Does anyone down in the Hilton Head area use sibiki rigs with fish bites to catch bait? Here in Jersey I use them all the time in the summer to catch spots, kings, etc for bait.
Just curious. I was there two years ago and had luck running into the surf when i saw some mullet jumping and netted them in water up to my chest, but that was kind of a pain in the butt.

Thanks


----------



## RjTheMetalhead (Dec 3, 2011)

No dont recall of anyone in SC catching a king on a sabiki. 


Yall yankees still calling whiting kingfish? But yeah Ive done that before while fishing for king mackerel on piers.

We actually use souped up sabikis in MB, SC to catch Spanish and blues called a straw rig from piers. 

Mullet are filterfeeders and hard to get on any hook when in saltwater. You were down before during the annual fall mullet run probably and the rest of the year you have to hunt mullet in the backwaters. Mullet can play hard to get but flounder, reds, trout, blues, spanish and sharks all love them.


----------



## SmoothLures (Feb 13, 2008)

Depending on what you want for bait, sure. You can catch everything from bluefish to anchovies on sabiki rigs, but live mullet, probably not. You can catch menhaden and grass shad if they're around, and if you tip them with fishbites or shrimp and toss them out on the bottom you're likely to catch pinfish, spot, whiting, croaker, ect ect ect.


----------



## JPDownie2000 (Jan 6, 2014)

cool...good stuff ill make sure to bring those rigs then. Ill be down there week of 19-26 in April. Looking forward to it.
thanks guys


----------



## JPDownie2000 (Jan 6, 2014)

Anyone have any suggestions on good places to net mullet? Looking at google earth i have some ideas, but i dont want to be tresspassing either.


----------



## SmoothLures (Feb 13, 2008)

Depends on the time of year. I usually see some at the Veteran's Pier in MI, and if they're running in the surf you can't help but catch some. There's also the various swashes in MB.


----------



## aardvarkgraphix (Sep 30, 2005)

Hog Inlet if you are up in Cherry Grove, Arrowhead rd. If you are in the Restaurant Row area(Bass Pro Shop). Water is just starting to heat up, best bet may be some good ole mud minnows that time of year.


----------



## flathead (Dec 18, 2003)

JP, I used to own a condo at the end of Beach City Road. Entrance and parking was private. Never saw anyone other than property owners on that beach or near that creek, either side, as the other side of the creek was also private property. Don't know about now tho. Sure wished I had never sold that place. Getting our own seafood platters around that creek was a sheer joy. Fishing was excellent and catching a cobia or tarpon as well as hammerheads and black tips from behind the shrimp boats was very possible. I could wade almost a 1/4 mile from the walkway and with a long cast using drum tackle, could reach right behind the shrimp boats.


----------



## JPDownie2000 (Jan 6, 2014)

flathead...
yea! thats one of the places i really wanted to get to. Using google earth street view though, showed no parking signs all over beach city rd and a gate at the end. Prime spot though!
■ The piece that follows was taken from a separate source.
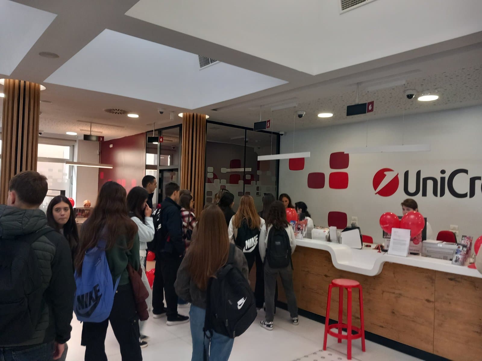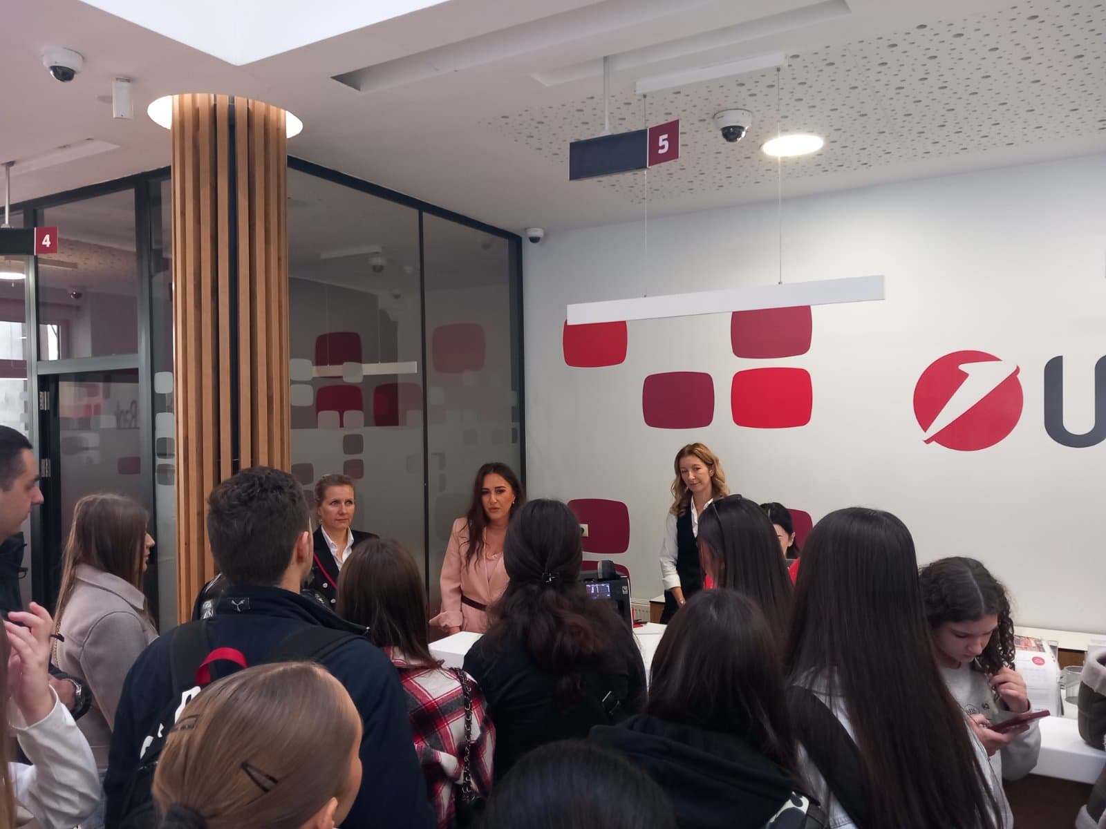 Tokom posjete, učenice i učenici su bili u prilici da se upoznaju sa svakodnevnim radom banke i poslovima koje obavljaju njeni uposlenici. Ljubazni domaćini iz UniCredit banke rado su odgovorili na sva učenička pitanja i podijelili svoja iskustva o radu u bankarskom sektoru.

the mullet i netted were huge compared to jersey standards.. Like i said though, i was just relaxing on the beach scanning for any activity in the water...saw a few jumps and ran out with the net and was able to net a few. That was in early June 2 years ago.

Figured I'd try any bridges with lights at night to try and net bait


----------



## HOUSE (Jan 17, 2011)

Dude, that's a sweet area to fish. I talked to some kids that would kayak large stingrays out to where Fish Haul Creek(?) dumps way out on that flat into the Atlantic and they told me some stories of monster sharks being caught there. Did you ever see any big ones in your days there?


----------



## JPDownie2000 (Jan 6, 2014)

welppp...we will be down in palmetto dunes right on the lagoon on may 24-31st. think were renting a canoe for the week so Im pretty happy about that.
As for fishing the lagoon, I'm pretty much settled on jiggin some soft plastics, gulp etc. 

Will also bring my casting net of course along with sibiki rigs to catch bait to use in the surf.

Im psyched...love it down there


----------